De repente, viu a Lady Netuno, acompanhada de Anfritite velho amigo de juventude da guerreira dos oceanos. Segundo Serenity faziam um belo casal, mas se deu conta de que os olhos de Netuno pareciam tristes. Um sorriso apareceu no seu rosto quando viu sua rainha, espojou uma elegante cortesia, deixando seu largo vestido de seda aguamarinha acariciar o solo. Perguntou a bela dama de Netuno por suas companheiras e o sorriso se converteu em uma careta, com uma mescla de dor, ira e tristeza. Anfritite respondeu com voz profunda e cálida, dizendo que havia visto Plutão na varanda, tomando um pouco de ar.

A rainha Serenity foi ate a varanda e viu Lady Plutão, só. A madures tão só acrescentava beleza a aquele rosto bronzeado e curtido pelas correntes temporais das portas do tempo. Fazia varias semanas que Lord Charon, marido e primo de segundo grau de Plutão havia saído do palácio de seu planeta e todavia não havia voltado. Embora já lê davam como morto, o certo era que havia aparecido seu cadáver. O planeta Terra refletia nos olhos de cor cinza de lady Plutão, seu cabelo azul escuro reluzia com a luz da noite. Serenity, pós uma mão no ombro de Lady Plutão, esta se virou repentinamente, surpreendida. Ao identificar a sua soberana abaixou a cabeça solenemente e sorrio com tristeza. Conversaram por muito tempo, ate que um cortesão informou a Rainha de que era hora de apresentar a pequena dama a sociedade. Serenity, sorriu e foi buscar a sua filha.

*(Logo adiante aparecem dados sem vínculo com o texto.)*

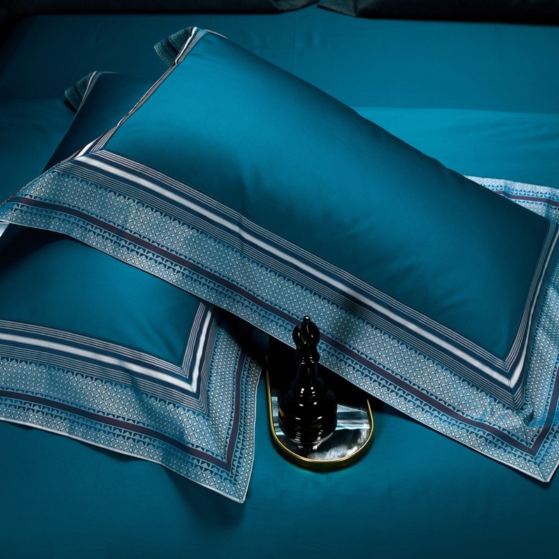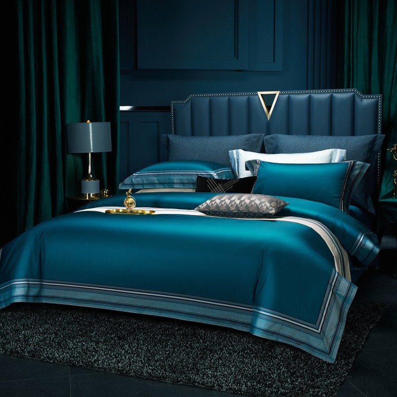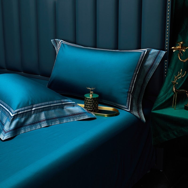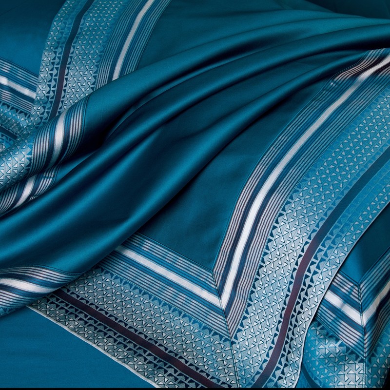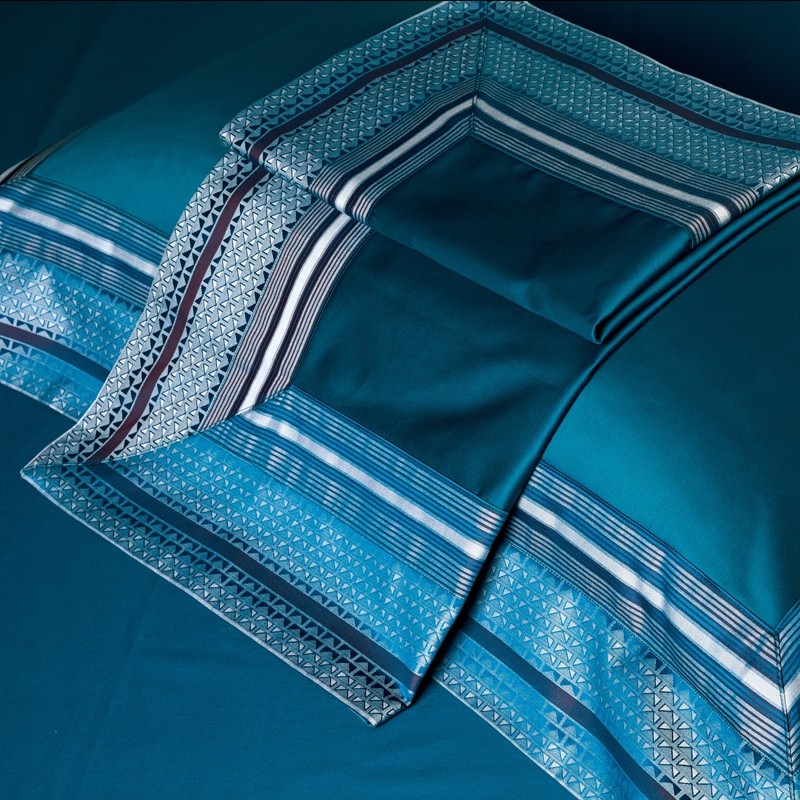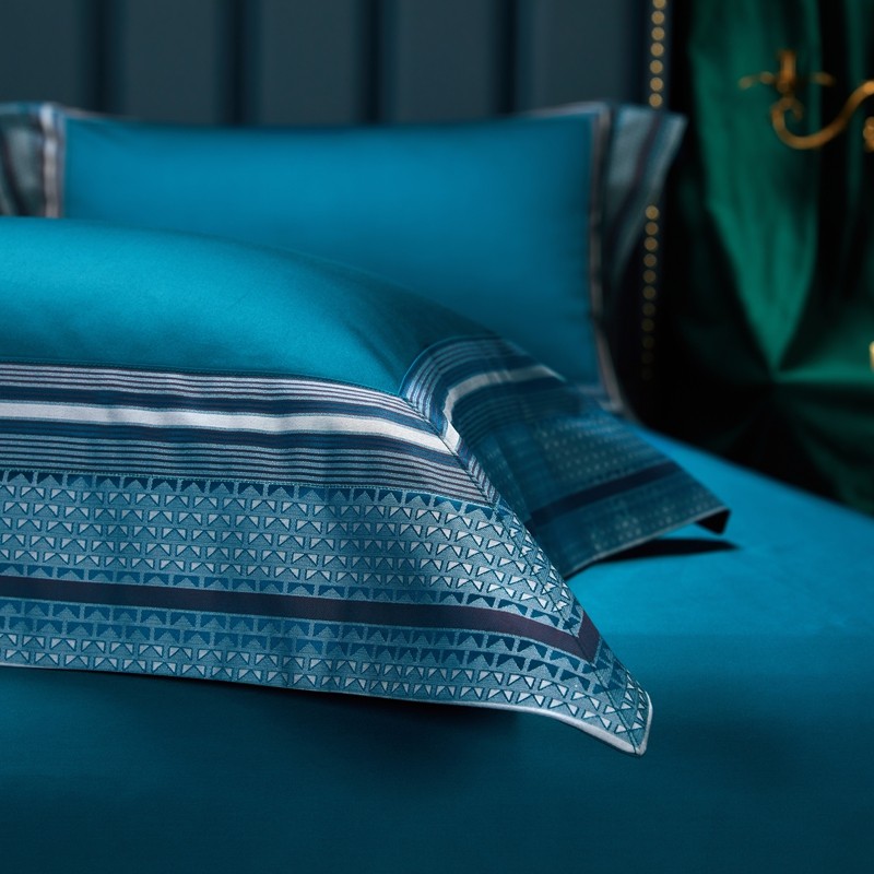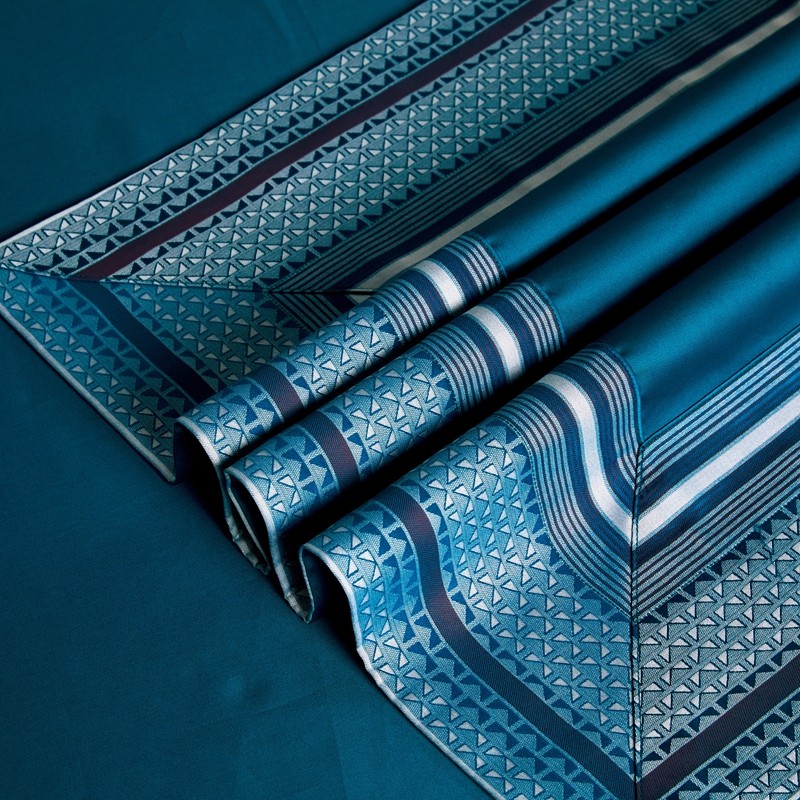 雅韵诗真丝馆 2023新款全棉色织拼边四件套 色织拼边孔雀蓝
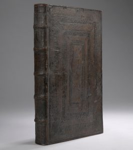 In-folio (200 x 325 mm), veau, plats entièrement ornés d’un décor d’encadrement à froid, dos à nerfs, tranches dorées (reliure de l’époque).

Aplausos foram os primeiros sons que escutou a pequena dama ao aparecer no salão principal. Lê assombraram as luzes, a cor, as doces fragrâncias e a suave brisa que jogava com sua pele. Estirou as mãozinhas, brincalhona, para pegar a luz que brilhava no teto, mas não chegou a pegar nada.

Serenity apresentou, com orgulho e alegria a sua filha. A futura Rainha Serenity, embora decidiu chamá-la familiarmente de “Usagi” para que o palácio não a confundisse com sua mãe.

Lady Urano chegou perto de sua soberana e pegou a pequena Usagui em braços . A menina, tentava pegar o laço azul que levava a guerreira do vento preso ao pescoço, se estirou para pegá-lo, mas Urano a deteve entre seus braços, comentando que a pequena dama era uma menina muito alegre e energética. Serenity sorriu orgulhosa e perguntou a Urano por Umbriel, seu marido. Lady Urano fez uma careta e comentou que fazia meses não se viam. Umbriel era um casanova proclamado que se dedicava a explorar os diferentes satélites do planeta dos ventos em busca de damas, para tenta-las. Por outro lado, se Umbriel se encontrava flertando ou não com outras, não parecia incomodar sua esposa.

“Que típico de Umbriel” comentou uma delicada voz detrás de Urano.

Lady Netuno apareceu junto a Anfritite e acariciou os prateados fios de cabelos da pequena dama. Lady Urano devolveu a menina a sua mãe e sem medir palavras saiu da varanda, pegando um copo de ponche de uma mesa que ficava perto. Netuno sorriu de forma sarcástica e Anfritite franziu a sobrancelha.

Algo não cheirava bem. Urano e Netuno eram a melhor dupla de combate do Milênio de Prata e a melhores amigas que podiam existir. Lady Júpiter disse uma vez que era com se uma lesse a mente da outra. Seus ataques conjuntos eram os mas devastadores do exercito e sua velocidade na hora de correr era como a do vento. Sem embargo, a soberana viu uma mescla de ódio nos olhos de Lady Urano quando esta lê deixou Usagi em seus braços. Não permitiria brigas entre seus guerreiros, assim pensou em discutir o tema com as afetadas na reunião que tinha com as Outer Seshis no dia seguinte no Salão do trono.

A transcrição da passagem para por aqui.